:: Recorded information ::
↓↓↓

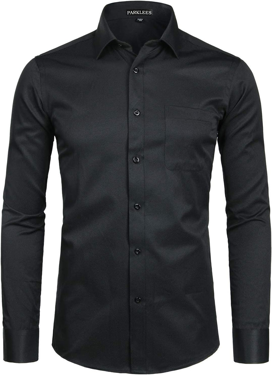 PARKLEES Herren Regular Fit Baumwolle wie Leinen Hemd Casual Langarm Button Down Shirts mit Tasche S
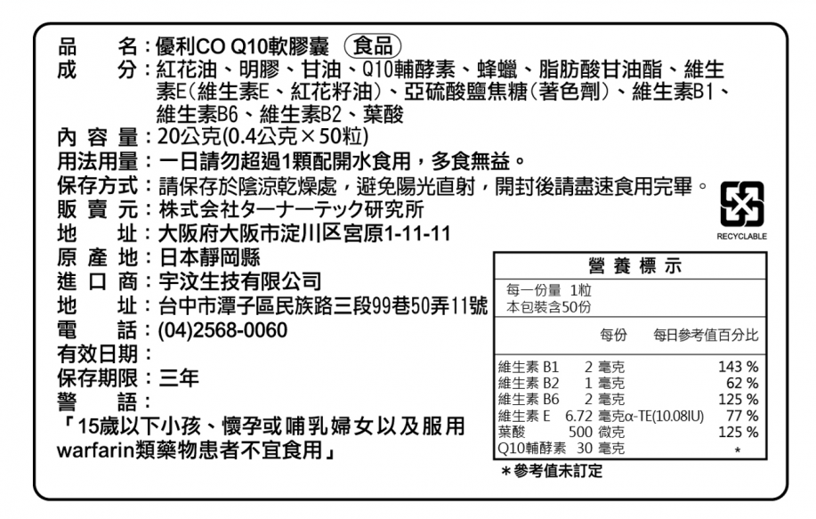 • 成分:紅花油、明膠、甘油、輔酵素Q10、蜂蠟、脂肪酸甘油酯、維生素E、
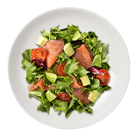 Salade, tomates, saumon, avocat, citron, vinaigrette.
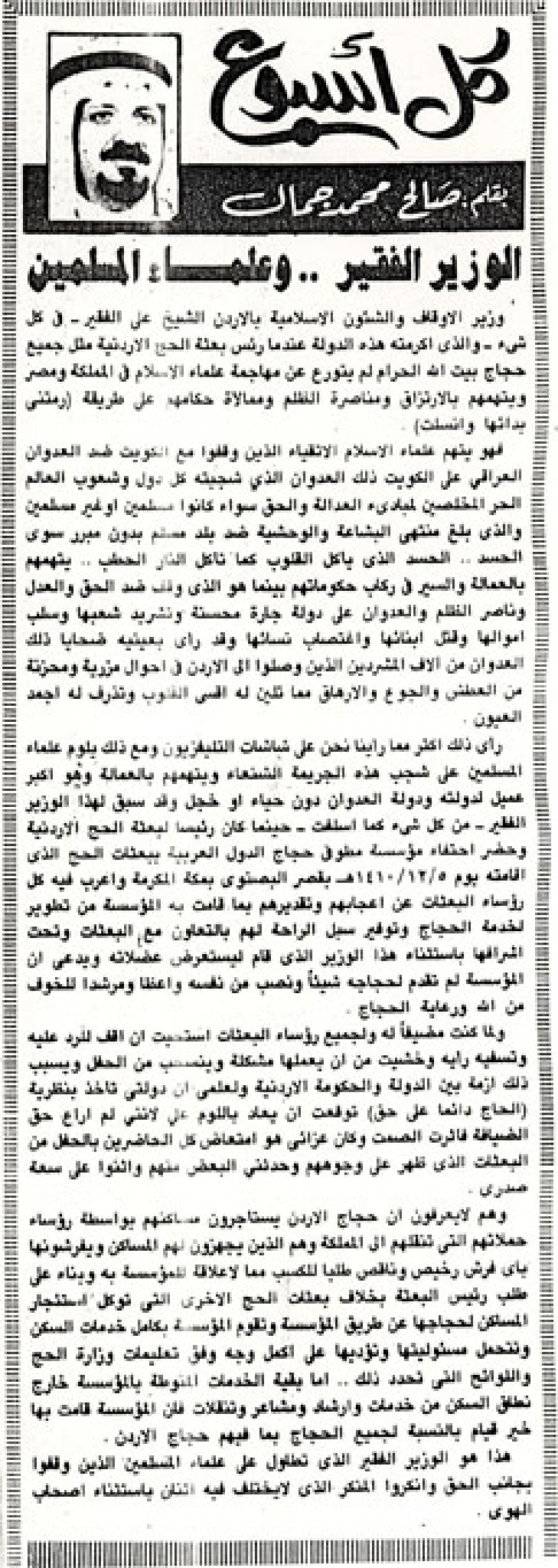 رأي ذلك أكثر مما رأينا نحن على شاشات التليفزيون ومع ذلك يلوم علماء المسلمين على شجب هذه الجريمة الشنعاء ويتهمهم بالعمالة وهو أكبر عميل لدولته ودولة العدوان دون حياء أو خجل وقد سبق لهذا الوزير الفقير -من كل شيء كما أسلفت- حينما كان رئيسا لبعثة الحج الأردنية وحضر إحتفاء مؤسسة مطوفي حجاج الدول العربية ببعثات الحج الذي إقامته يوم 5/2/1410 ﻫ بقصر البصنوي بمكة المكرمة وأعرب فيه كل رؤساء البعثات عن إعجابهم وتقديرهم بما قامت به المؤسسة من تطوير لخدمة الحجاج وتوفير سبل الراحة لهم بالتعاون مع البعثات وتحت إشرافها باستثناء هذا الوزير الذي قام ليستعرض عضلاته ويدعي أن المؤسسة لم تقدم لحجاجه شيئاً ونصب من نفسه واعظاً ومرشداً للخوف من الله ورعاية الحجاج.

↑↑↑

:: Problem to work on ::
In the copy, omit the pictures and give every line of the data exactly.

:: Response area ::
 PARKLEES Herren Regular Fit Baumwolle wie Leinen Hemd Casual Langarm Button Down Shirts mit Tasche S
 • 成分:紅花油、明膠、甘油、輔酵素Q10、蜂蠟、脂肪酸甘油酯、維生素E、
 Salade, tomates, saumon, avocat, citron, vinaigrette.
 رأي ذلك أكثر مما رأينا نحن على شاشات التليفزيون ومع ذلك يلوم علماء المسلمين على شجب هذه الجريمة الشنعاء ويتهمهم بالعمالة وهو أكبر عميل لدولته ودولة العدوان دون حياء أو خجل وقد سبق لهذا الوزير الفقير -من كل شيء كما أسلفت- حينما كان رئيسا لبعثة الحج الأردنية وحضر إحتفاء مؤسسة مطوفي حجاج الدول العربية ببعثات الحج الذي إقامته يوم 5/2/1410 ﻫ بقصر البصنوي بمكة المكرمة وأعرب فيه كل رؤساء البعثات عن إعجابهم وتقديرهم بما قامت به المؤسسة من تطوير لخدمة الحجاج وتوفير سبل الراحة لهم بالتعاون مع البعثات وتحت إشرافها باستثناء هذا الوزير الذي قام ليستعرض عضلاته ويدعي أن المؤسسة لم تقدم لحجاجه شيئاً ونصب من نفسه واعظاً ومرشداً للخوف من الله ورعاية الحجاج.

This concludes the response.